HUKUM asalnya minta jabatan tidak dibenarkan dan bukan akhlak terpuji, banyak hadis-hadis yang berbicara tentang buruknya orang yang meminta jabatan. Namun permasalahannya tidak dipukul rata begitu saja kepada orang yang ingin mencalonkan diri atas jabatan tertentu seperti mencalonkan dalam pilkada.
Sebab larangan tersebut berlaku kepada orang yang benar-benar menjadikan kedudukan semata sebagai tujuannya dan hanya untuk kepentingan diri dan dunianya saja, sementara di sisi lain ada orang lain yang lebih cocok dan lebih layak memegang jabatan tersebut.
Adapun jika seseorang mencalonkan diri, karena dipandang tidak ada orang lain yang cakap dalam masalh tersebut, atau ada kekhawatiran calon lain yang dikenal dapat membahayakan bagi kaum muslimin atau masyarakat secara umum, yang akan merebut kekuasaan tersebut, atau karena dia didorong oleh masyarkat atau kelompok atau partai karena dikenal kecakapannya bukan semata keinginan pribadinya.
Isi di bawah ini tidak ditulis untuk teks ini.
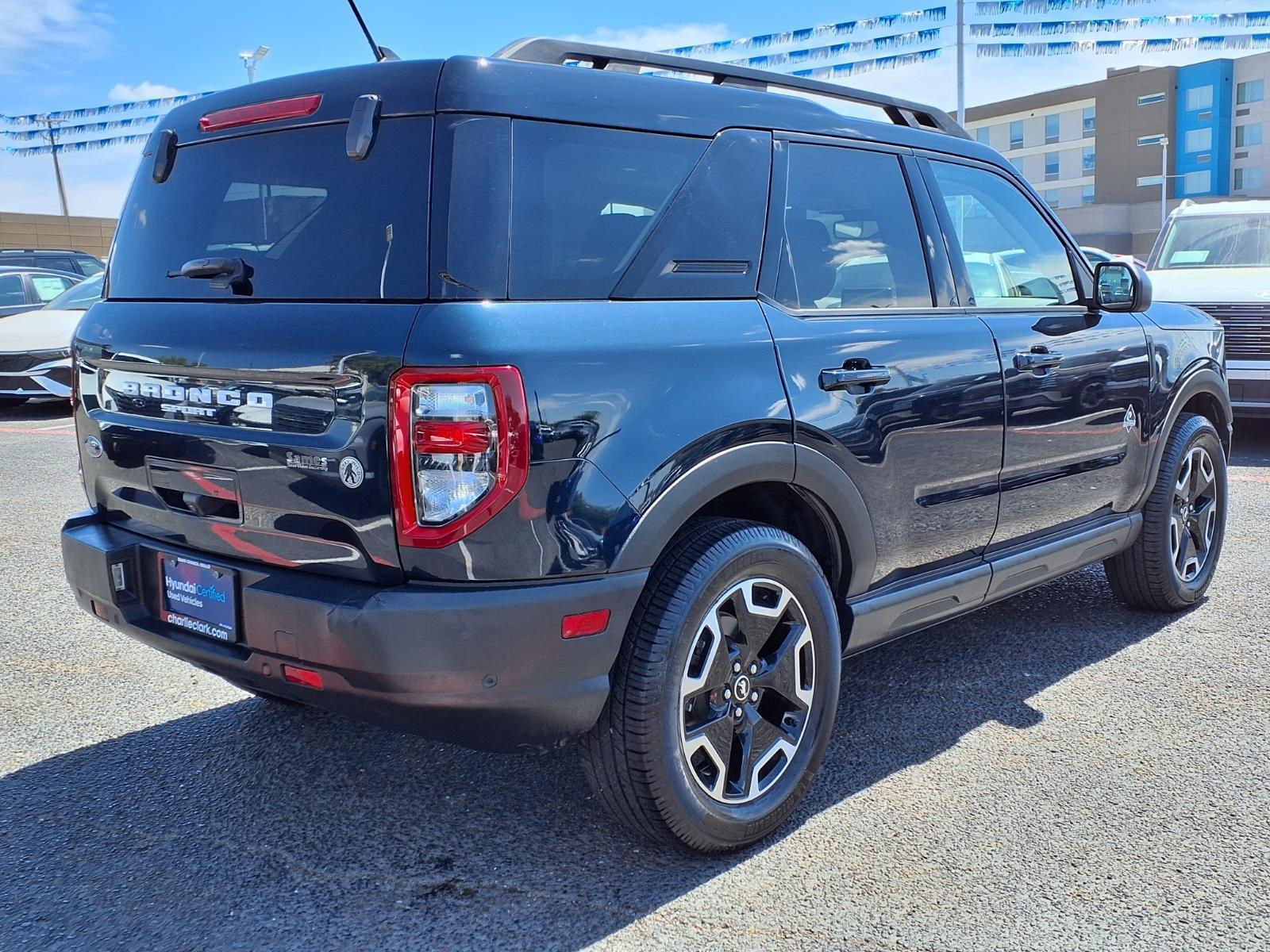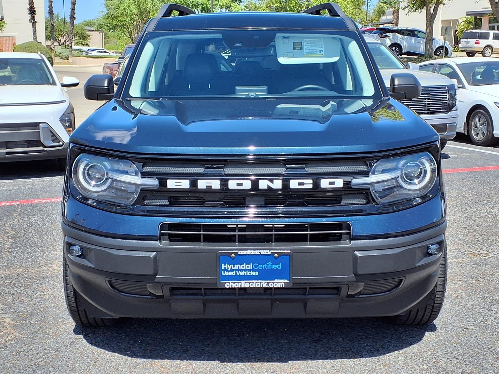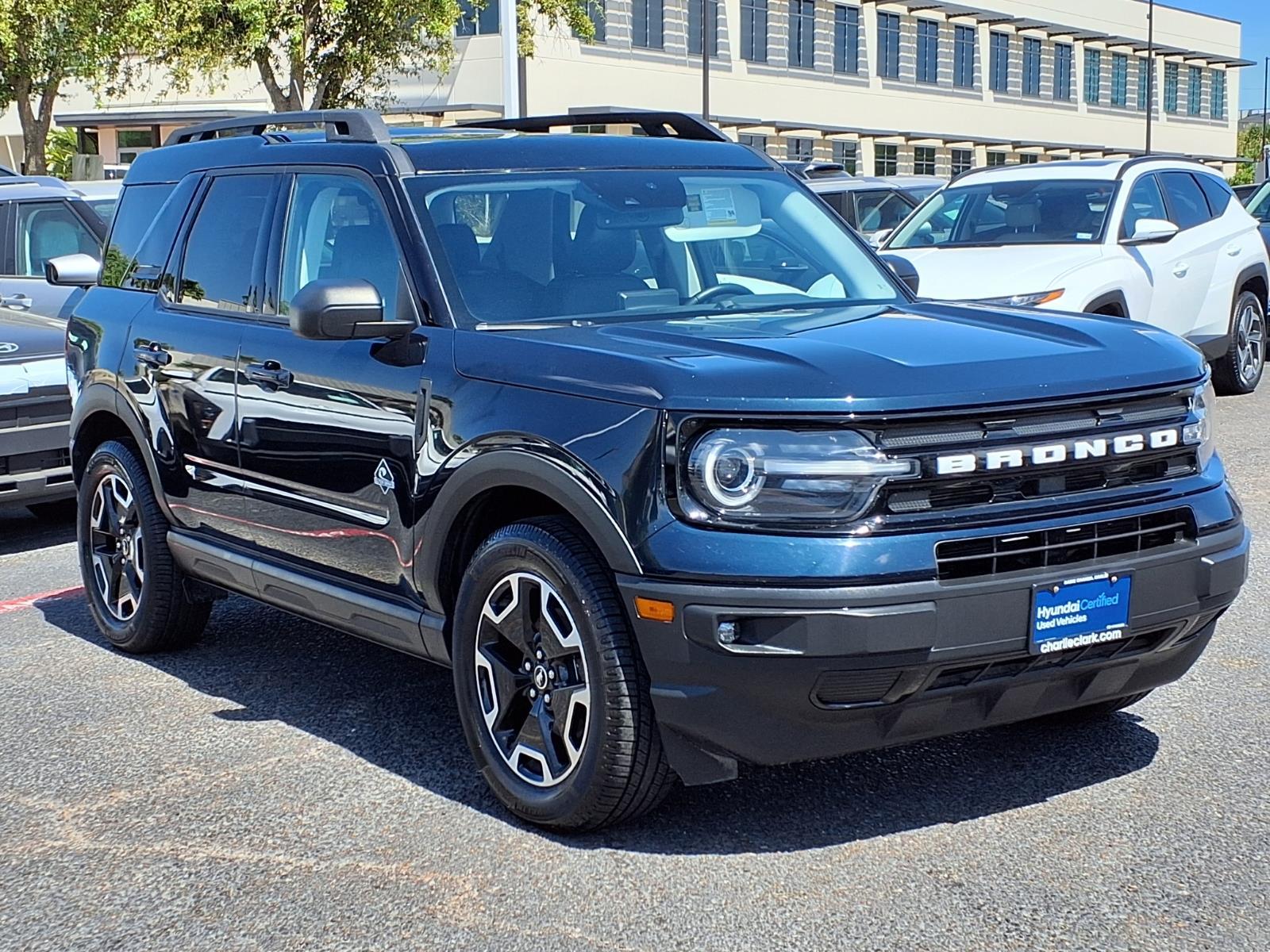 Alto Blue Metallic Tinted Clearcoat 2022 Ford Bronco Sport Outer Banks 4WD 8-Speed Automatic 1.5L EcoBoost 3.80 Axle Ratio, 4-Wheel Disc Brakes, 6 Speakers, ABS brakes, Air Conditioning, Alloy wheels, AM/FM radio: SiriusXM, AM/FM Stereo, Auto High-beam Headlights, Auto-dimming Rear-View mirror, Automatic temperature control, Brake assist, Compass, Delay-off headlights, Driver door bin, Driver vanity mirror, Dual front impact airbags, Dual front side impact airbags, Electronic Stability Control, Emergency communication system: SYNC 3 911 Assist, Equipment Group 300A, Four wheel independent suspension, Front anti-roll bar, Front Bucket Seats, Front Center Armrest, Front dual zone A/C, Front fog lights, Front reading lights, Fully automatic headlights, HD Radio, Heated door mirrors, Heated front seats, Heated steering wheel, Illuminated entry, Knee airbag, Leather Trimmed Heated Sport Contour Bucket Seats, Low tire pressure warning, Occupant sensing airbag, Outside temperature display, Overhead airbag, Overhead console, Panic alarm, Passenger door bin, Passenger vanity mirror, Power door mirrors, Power driver seat, Power Moonroof, Power passenger seat, Power steering, Power windows, Radio data system, Rain sensing wipers, Rear anti-roll bar, Rear Parking Sensors, Rear reading lights, Rear seat center armrest, Rear window defroster, Rear window wiper, Remote keyless entry, Roof rack: rails only, Security system, SiriusXM Radio, Speed control, Speed-sensing steering, Speed-Sensitive Wipers, Split folding rear seat, Steering wheel mounted audio controls, SYNC 3 Communications & Entertainment System, SYNC 3/Apple CarPlay/Android Auto, Tachometer, Tech Package, Telescoping steering wheel, Tilt steering wheel, Traction control, Trip computer, Universal Garage Door Opener (UGDO), Variably intermittent wipers, Wheels: 18Ebony Black-Painted Aluminum, Wireless Charging Pad. With a reputation for exceptional service and customer satisfaction, were here to make your car-buying experience smooth and enjoyable. Plus, with Nanas Lifetime Warranty comes at no cost, covering the engine, transmission, and drive axles for life at no cost, you can trust that your investment is protected for the long haul. Exceptional Features: Recent Arrival! Odometer is 2359 miles below market average! 25/28 City/Highway MPG Come by Charlie Clark Hyundai Laredo today and experience the quality and reliability of the Ford Bronco Sport firsthand. Dont forget, we offer Nanas Lifetime Warranty,

Intinya kekuasaan baginya adalah sarana untuk melakukan kebaikan maka insya Allah hal tersebut tidak termasuk dalam larangan yang dimaksud dalam hadis-hadis yang ada.
Karena sering dalam masalah ini kita berada dalam kondisi dilematis. Kekuasaan jika dibiarkan akan direbut oleh orang yang tidak baik, sementara ada larangan mengejar kekuasaannya. Maka para ulama mengajarkan untuk memilih yang paling ringan mudaratnya.
Ini juga merujuk kepada kisah Nabi Yusuf alaihissalam yang menawarkan diri untuk menjadi bendahara kerjaaan Mesir karena merasa dirinya mampu menunaikan amanah tersebut sebagaimana tercantum dalam surat Yusuf ayat 55.